In a recent article for the Atlantic, Republican columnist and former George W. Bush speechwriter David Frum responded to what he perceived to be President Woodrow Wilson’s unfairly declining reputation. In an attempt to “un-cancel” Wilson, whose legacy Frum feels has been wrongly maligned by members of the twenty-eighth president’s own Democratic Party, Frum reached across the aisle to extend qualified praise to Wilson, holding him up as a “great domestic reformer.”
Both Wilson’s greatest admirers and his most strident detractors today recognize that his legacy is about more than the man himself. Our analysis should be as well: we should try to comprehend what his presidency can tell us about the coalitional forces in Democratic Party politics. Understanding how and why Wilson’s loose “progressive” coalition failed offers lessons for the fractious political tendency that goes by the same name today.
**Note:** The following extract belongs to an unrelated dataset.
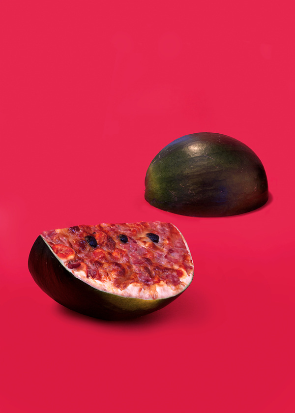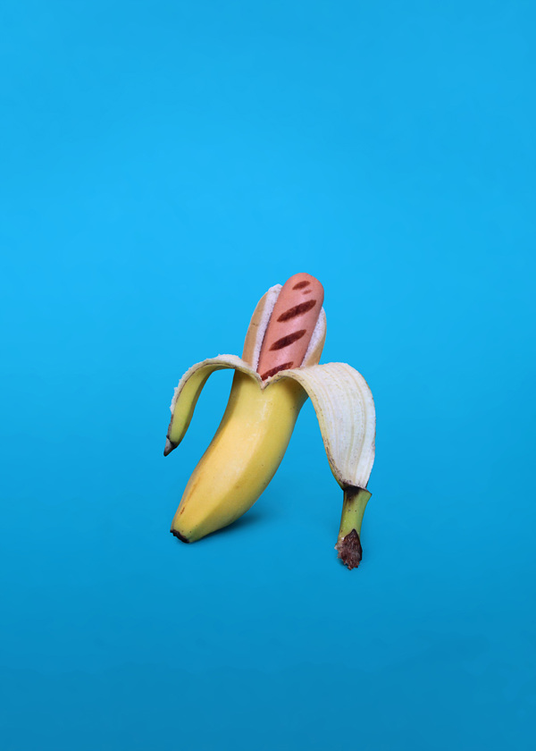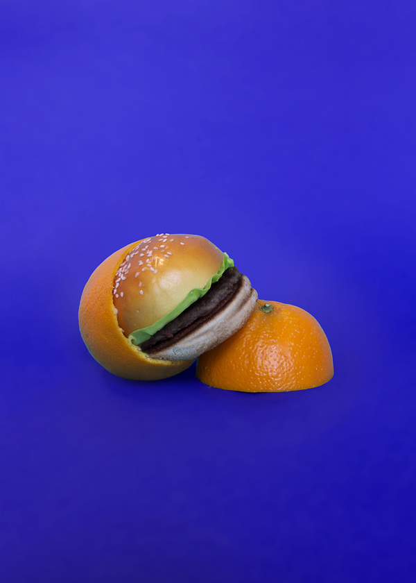 El fotógrafo francés Arnaud Deroudilhe ha realizado una serie fotográfica titulada «Junk Fruit» (fruta basura) donde vemos el contraste entre lo sano (la fruta) y lo enfermizo (la comida rápida).

Back then, as now, the Democratic Party was a conflicted big tent of centrist business elites, avaricious war hawks, working-class Americans, and technocratic reformers. With vague and contradictory gestures to organized labor and wary capital, Wilson’s Democrats promised a revitalized and reformed America. They did not deliver.
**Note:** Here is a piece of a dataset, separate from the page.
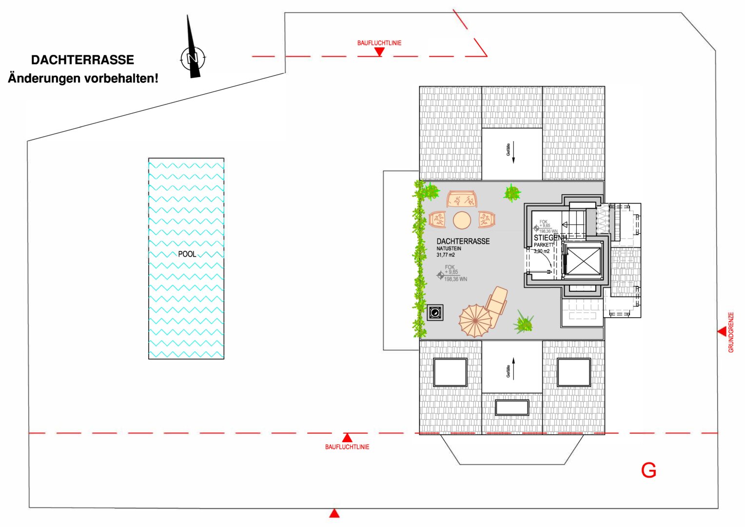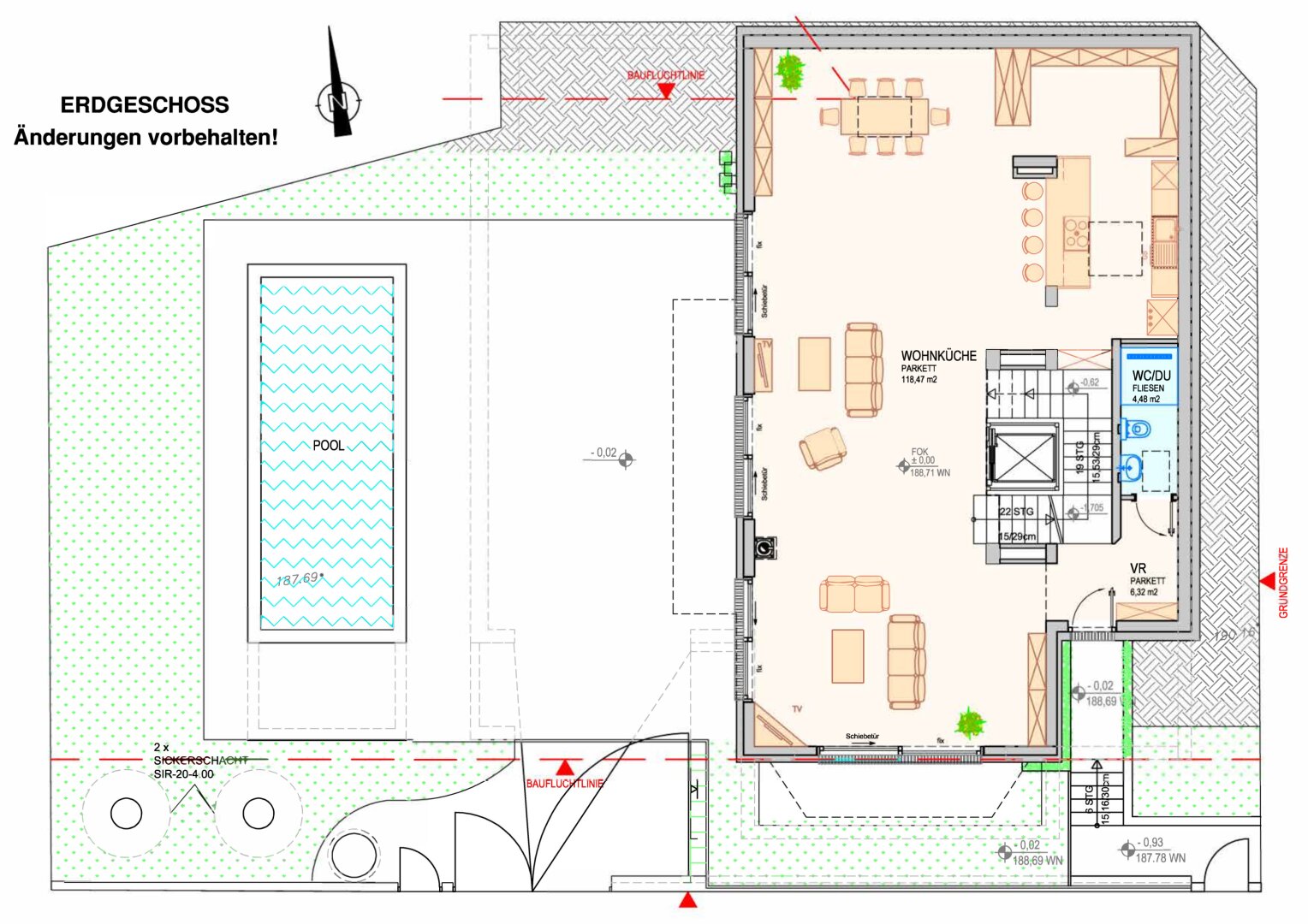 Erdgeschoss: Vorraum, Wohnküche mit Zugang zum Garten (375,25 m²) und Pool

Wilson himself was contemptuous of democracy and mass politics. His technocratic philosophy, alliances with business, and deep-seated racism led directly to the US invasion of Haiti and the failure of his post–World War I peace plan. Domestically, President Wilson did achieve some progressive reforms — because he was pushed by workers outside of Washington, as well as progressives inside the capital more aligned with those workers than he was. Yet Wilson’s tepid support for labor and his outright hostility toward radicalism constrained these accomplishments and kept him from cultivating a coalition that could sustain them after his presidency was over.
Today we don’t need another Woodrow Wilson. We need another political movement like the one behind his limited successes, and a president willing to be pushed forward by such a movement rather than push back.
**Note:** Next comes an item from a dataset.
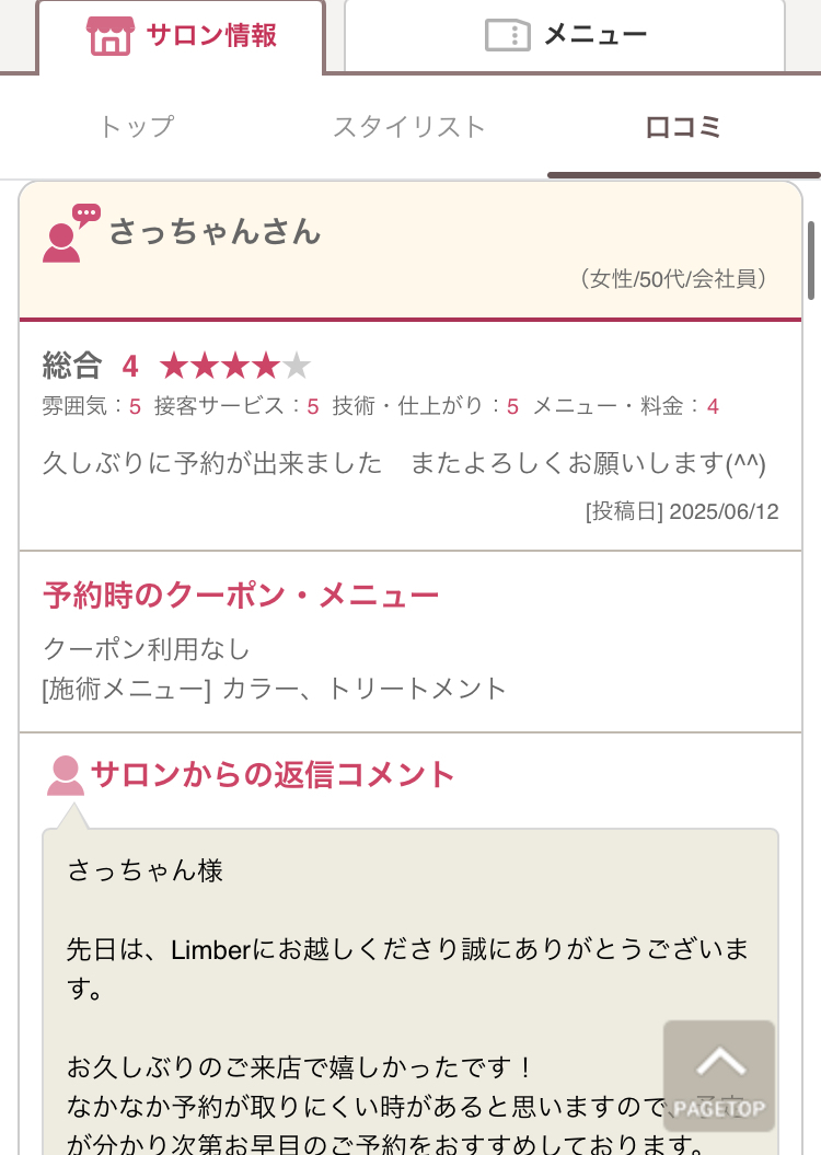 久しぶりに予約が出来ました またよろしくお願いします(^^)

Technocratic Progressivism
Abraham Lincoln once described American democracy as “by the people, for the people.” Wilson was not so sure about that first part. Born into America’s disintegrating First Republic in Virginia in 1856, Wilson came of age during Reconstruction, in which federal power countered white supremacy in the South in order to realize the postwar promises of black civil rights. White elites called this chaos and anarchy.